[PATCH v6 9/9] drm/xe/vf: Rebase exec queue parallel commands during migration recovery

Lis, Tomasz tomasz.lis at intel.com
Sat Jul 19 06:21:04 UTC 2025


On 16.07.2025 16:27, Michał Winiarski wrote:
> On Fri, Jul 04, 2025 at 11:02:28PM +0200, Tomasz Lis wrote:
>> Parallel exec queues have an additional command streamer buffer which holds
>> a GGTT reference to data within context status.

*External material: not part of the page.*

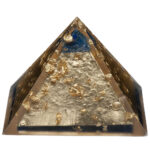 La Pyramide Or et Lapis en orgonite contient une pyramide intérieure qui est recouverte de feuille d'or. La pointe supérieure visible contient du lapis lazuli, souvent appelé la "pierre de vérité". Outre les 5 cristaux de quartz, une croix Muti (avec des herbes médicinales traditionnelles africaines) est sertie dans la base de la pyramide.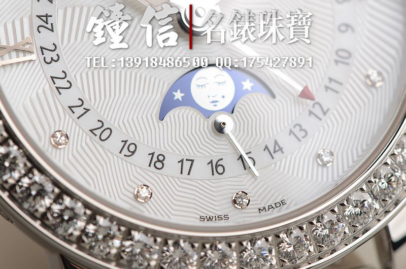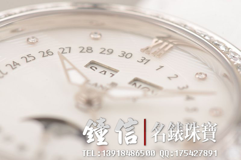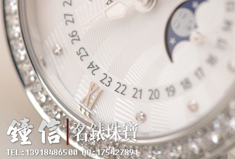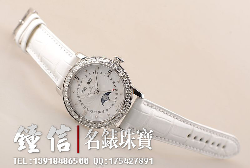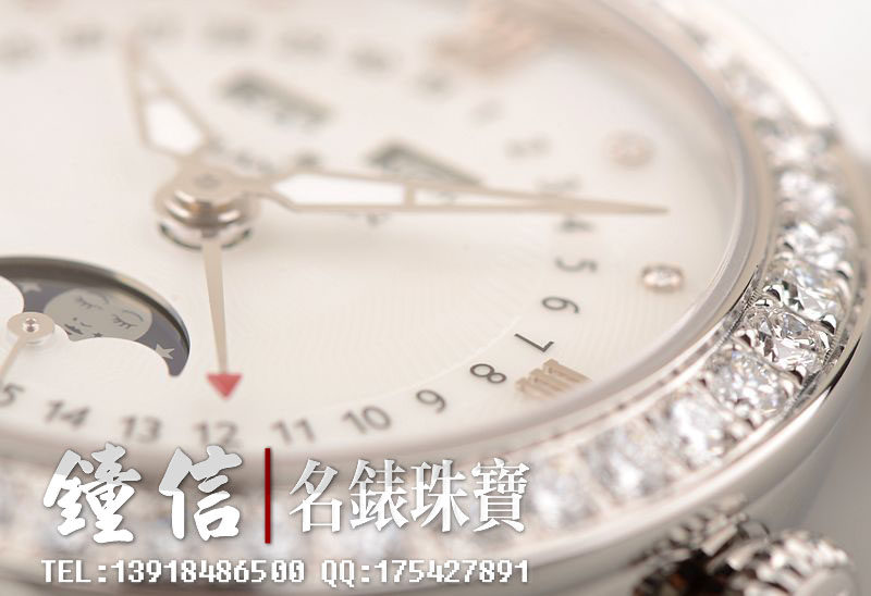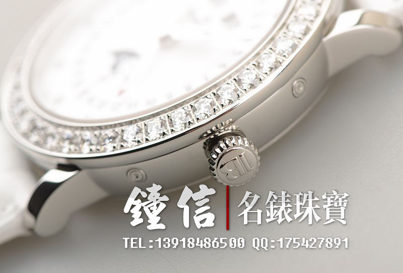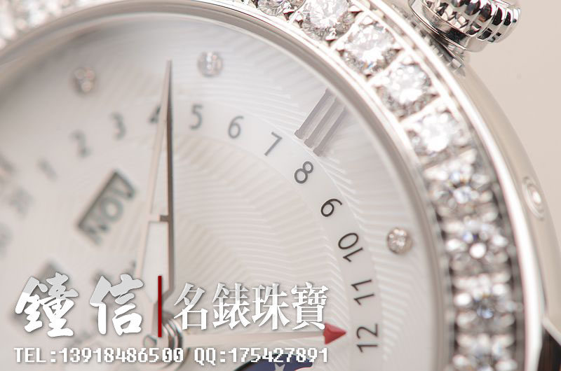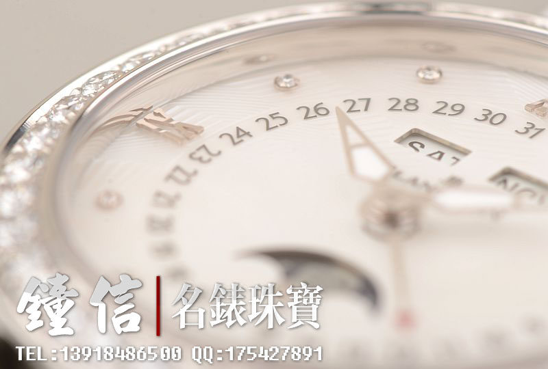 精钢镶钻表壳及折叠式表扣,后配全新白色鳄鱼皮表带。蓝宝石水晶镜面及底盖,立体白色珍珠贝母镶钻表盘,夜光时分针,全历,月相功能。口径35MM*10.57MM。防水30M。全部原厂镶钻,共计1.95克拉。

The GGTT references have to
>> be fixed after VF migration.
>>
>> Signed-off-by: Tomasz Lis <tomasz.lis at intel.com>
>> ---
>>   drivers/gpu/drm/xe/xe_guc_submit.c | 26 +++++++++++++++++++++++++-
>>   1 file changed, 25 insertions(+), 1 deletion(-)
>>
>> diff --git a/drivers/gpu/drm/xe/xe_guc_submit.c b/drivers/gpu/drm/xe/xe_guc_submit.c
>> index 37584a064574..96b94f7fcc31 100644
>> --- a/drivers/gpu/drm/xe/xe_guc_submit.c
>> +++ b/drivers/gpu/drm/xe/xe_guc_submit.c
>> @@ -693,6 +693,27 @@ static void wq_item_append(struct xe_exec_queue *q)
>>   	parallel_write(xe, map, wq_desc.tail, q->guc->wqi_tail);
>>   }
>>   
>> +static void wq_items_rebase(struct xe_exec_queue *q)
>> +{
>> +	struct xe_guc *guc = exec_queue_to_guc(q);
>> +	struct xe_device *xe = guc_to_xe(guc);
>> +	struct iosys_map map = xe_lrc_parallel_map(q->lrc[0]);
>> +	int i = q->guc->wqi_head;
>> +
>> +	/* the ring starts after a header struct */
>> +	iosys_map_incr(&map, offsetof(struct guc_submit_parallel_scratch, wq[0]));
>> +
>> +	while (i != q->guc->wqi_tail) {
>> +		u32 len_dw, val;
>> +
>> +		val = xe_map_rd_ring_u32(xe, &map, i / sizeof(u32) + 0, WQ_SIZE / sizeof(u32));
>> +		len_dw = FIELD_GET(WQ_LEN_MASK, val);
>> +		val = xe_lrc_descriptor(q->lrc[0]);
>> +		xe_map_wr_ring_u32(xe, &map, i / sizeof(u32) + 1, WQ_SIZE / sizeof(u32), val);
>> +		i += len_dw * sizeof(u32);
>> +	}
> This type of constructs make me anxious, as it's relatively easy to turn
> it into infinite loop. Can we rewrite it as a for loop? Or at least
> something with a fixed number of iterations as a condition? (instead of
> != tail)
> Or at the very least - add some asserts...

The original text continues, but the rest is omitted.